I keep seeing this getting asked like people are expecting a magic bullet solution.

​

In general you can only get out something within the realm of what you put in.

There are intelligent ways to structure training and models, but you can't fill in expected gaps without training with a reference or a close approximation of what those gaps are.

My best suggestion is to limit your input data or muxed model to specific high resolution subsets.

ex. You can train a LoRa on a small focused subset of data.

0

i_sanitize_my_hands OP t1_jczyrsl wrote

Not expecting a magic bullet solution. Been in the field long enough to know that.

However, any written record of the intelligent ways you mentioned are valuable and worth going through.

One of the reasons it gets asked a lot is because image quality analysis doesn't seem to get enough air time. There are only few papers and sone as old as 2016. They font reflect the trend since 'all you need is attention '

1

wind_dude t1_jd012ru wrote

I'm not big into image generation, but... some thoughts...

- SSIM - I believe the issue here has to due with the quality of the img captions. Perhaps merging captions on images

- could try training boolean classifiers for both images and captions, `is_junk`, and than using that model to remove junk from the training data.

1

xEdwin23x t1_jd0pc6v wrote

Active learning deals with using a small subset of representative images that should perform as well as a larger set of uncurated images. You can consider looking into that.

3

Keiny t1_jd2vgtk wrote

Someone suggested active learning, but it may be more suitable to look into the subfield of data valuation.

Data valuation broadly aims to assign values to data points that represent their contribution to a model’s overall performance. Many methods are based on game theoretic solution concepts such as the Shapley value and are therefore very expensive to compute. In practical settings, I would suggest the Shapley over kNN surrogate by Jia et al. (2019) or LAVA by Just et al. (2023).

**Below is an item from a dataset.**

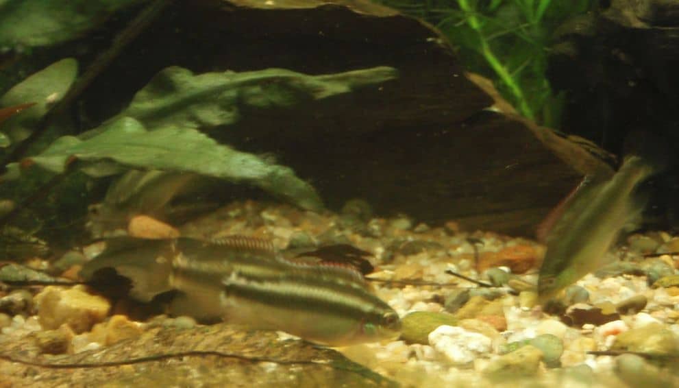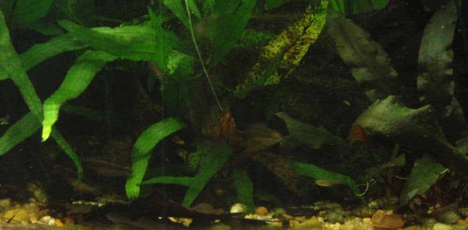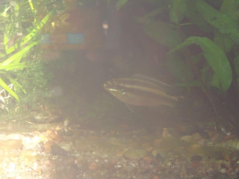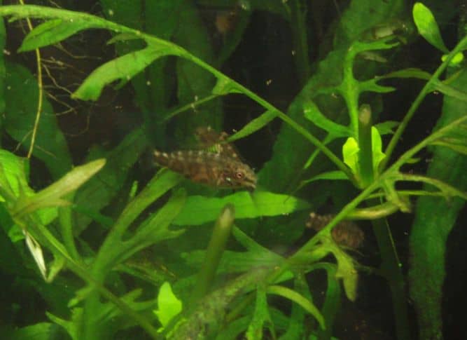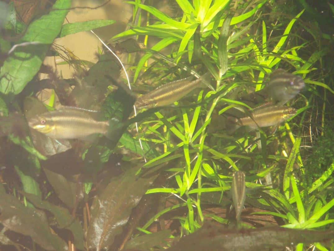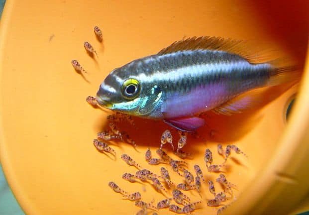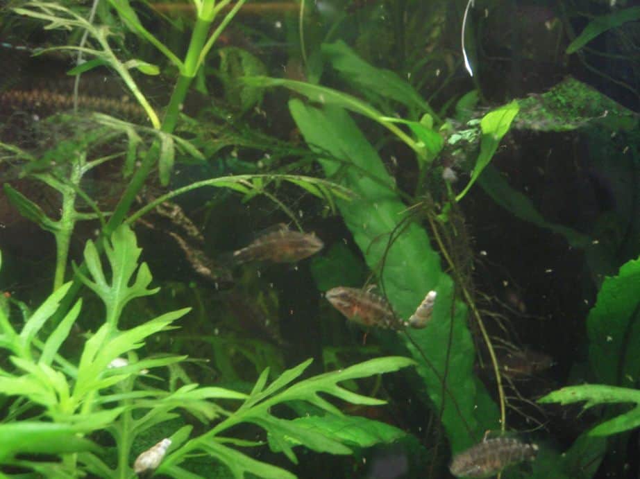 In den ersten 6 Wochen befürchtete ich tatsächlich, ein nicht harmonisierendes Paar erwischt zu haben: Er spielte sich als absoluter Chef im Becken auf und Sie bekam ich kaum zu sehen, und wenn dann deshalb, weil Er Sie durchs Becken jagte (was für das Weibchen aber wegen des dichten Beckenbewuchses nicht wirklich stressig war, so ein Verjagen war stets nach 1-3 Sekunden beendet). Ich würde meinen Beobachtungen nach Pelvicachromis sacrimontis nicht in kleineren Becken als einem Meter Länge pflegen bzw. züchten. Zum einen ist die Art aggressiver als P.pulcher, und wenn P. sacrimontis diese nicht an Feindfischen abarbeiten kann besteht die Gefahr, das sie es innerartlich, also am Partner tun. Und Feindfisch bedeutet, das dieser auch Platz und Gelegenheit zum Ausweichen braucht. Der Literatur ist weiterhin zu entnehmen, das diese Pelvicachromis-Art relativ empfindlich auf Störungen reagiert, was ich insofern bestätige, als das sie sich für Buntbarsch-Verhältnisse als recht scheue Sensibelchen ausnehmen können - was aber nicht heißt, das sie sich nicht Respekt zu verschaffen wüssten. Meine Geduld hatte sich aber gelohnt, denn irgendwann begann das Weibchen, den Attacken des Männchens nicht mehr auszuweichen und ihn stattdessen anzubalzen. Jetzt rechnete ich eigentlich ständig mit einem Gelege, doch so schnell gings dann aber doch nicht. Die beiden waren einfach wochenlang ein Herz und eine Seele (wieder: Für Buntbarsch-Verhältnisse) und die besten Kumpels, sonst aber nichts. Zumindest konnte ich nie ein Gelege bzw. entsprechendes Verhalten der inzwischen großen Tiere (m 11cm f 7cm) beobachten. Lediglich wurden ausgiebig verschiedene Stellen im Revier (sprich: Das ganze Becken) untersucht, geputzt und etwas gegraben, was aber nicht so weit geht als das sie Pflanzen ausbuddeln. Nach vier Wochen jedoch war ein deutlicher Verhaltensunterschied zu beobachten: Sie bewachte ein Gelege in einem kleinen auf der Seite liegend eingerabenen Blumentopf ohne Boden, und er bewachte die hinterste obere Ecke das Pflanzendickicht, in dem er saß und versuchte, IHR nicht ins Auge zu fallen, das Weibchen war sehr dominant und bewachte ihr Gelege (wie später auch die Brut) wie ein kleiner Derwisch (Ein weiterer Grund, in nicht zu kleinen Becken zu züchten). Dabei trägt das Weibchen nun ein Brutpflegekleid, das sensationell ist. Nachdem die Larven geschlüpft waren zog das Weibchen mit Ihnen noch zweimal um, was jedoch an meiner Neugierde gelegen haben könnte, denn ein bis zwei mal am Tag versuchte ich mit Hilfe einer Taschenlampe zu erkennen, was Stand der Dinge sei. Wie gesagt, P. sacrimontis reagiert sensibel auf Störungen. Deshalb beschränke ich alle Aktivitäten am und im Becken in der Zeit der Brutpflege (bis vier Wocchen nach Freischwimmen der Jungen) aufs Notwendigste. Nach elf Tagen (23°C) schwamm die Brut frei, und ab dem Zeitpunkt wurde das Männchen wieder geduldet, selbst in unmittelbarer Nähe der Brut, jedoch übernimmt er Pelvivachromis-typisch eher die Verteidigung der Reviergrenzen. Das besteht größtenteils darin, Angriffe auf die Feindfische zu schwimmen. Das tut das Weibchen gelegentlich auch, jedoch heftiger. Die Gelege-Größe ist relativ klein, je nach Kondition der Alttiere liegt sie bei 15-25 Jungfischen. Zu dem Verhältnis der Geschlechter-Verteilung (in Abhängigkeit der Temperatur) kann ich derzeit noch keine Aussage treffen - das kann ich vielleicht zu einem späteren Zeitpunkt aktualisieren. In den ersten beiden Wochen bekam ich die Jungfische kaum zu Gesicht, die von den Alten so durchs Becken geführt wurden, das sie stets in Deckung durch Wurzeln oder Pflanzen waren. In dieser Zeit füttere ich 4-5 mal am Tag mit frisch geschlüpften Artemien, die ich in die Nähe des Jungfischschwarms pipetiere - bzw. dahin, wo ich die Brut vermutete, die waren meistens in der entgegengesetzten Ecke wo sich die Hechtlinge aufhielten. Die Kleinen wachsen in den ersten Wochen deutlich, wenn sie ausreichend gefüttert werden. Da auf Dauer die Fütterung mit ausschließlich Artemia-Larven zu einseitig wird füttere ich mit Beginn der 3. Woche auch noch mit fein zerriebenem Flockenfutter und mit Frostfutter, das für Fischbrut gedacht ist. Da ist wohl auch jede Menge Artemia drin, aber auch Copepoden und andere Kleinstlebewesen. Durch die intensivere Fütterung nimmt natürlich auch die Belastung des Wassers zu, so das ich den Teilwasserwechsel (25-33%) zwei mal wöchentlich vornehme. Das ist übrigens bei den meisten Fisch-Nachzuchten sehr wichtig: Ich bringe die erfolgreiche Aufzucht von Fischbrut auf die einfache Formel: Sehr gut füttern (!) und häufig (regelmäsig) Teilwasserwechsel! Mit zunehmender Größe der Kleinen nimmt aber auch die Aggressivität der Alten zu, das Becken muß wirklich groß genug sein, das - in meinem Fall die Hechtlinge - die anderen Tiere ausweichen können. Ich denke das ich diesen Punkt wirklich nicht oft genug hervorheben kann, denn wenn die Alten nur noch auf die anderen Fische eindreschen wächst auch ihr Stress was in Extremo dazu führen kann, das sie ihre Brut nicht weiter betreuen! Ab einem Alter von sechs bis acht Wochen lässt der Brutpflegetrieb der Alttiere nach, und jetzt sollte man überlegen, ob man die Möglichkeit nutzt, die juvenilen Tiere zu separieren um sie gezielt füttern und aufziehen zu können, vielleicht ist es dem Wohlbefinden - und somit dem Wachstum - der Jungen abträglich, wenn sie immer mehr den Aggressionen der Alttiere ausgesetzt sind? Ich habe mich dazu entschieden, die juvenilen Tiere über diesen Zeitpunkt hinaus bei den Alten zu lassen, senke aber die Temperatur ab (Zimmer-Temp.), damit die Alten nicht direkt das nächste Brutgeschäft beginnen, was sie natürlich weniger aggressiv sein lässt. Es bekommt den Zuchttieren ohnehin besser, ihnen zwischen den Laichgeschäften Ruhe zu gönnen, das verbessert ihre Kondition und somit auch die der Nachzuchten. Die Mutter zeigt gelegentlich schon Aggressionen ge

You can find more papers at the GitHub repo awesome-data-valuation.

Hope that helps!

1

paulgavrikov t1_jd3jf74 wrote

Currently there are no good methods to do this. There’s discussion of existing methods and many insights into the problem in this paper https://arxiv.org/abs/2206.14486

TL;DR: which images you should remove depends on the ratio between samples / parameters, no current method works anywhere near ideal, but you may see improvements if you choose the most expensive methods

1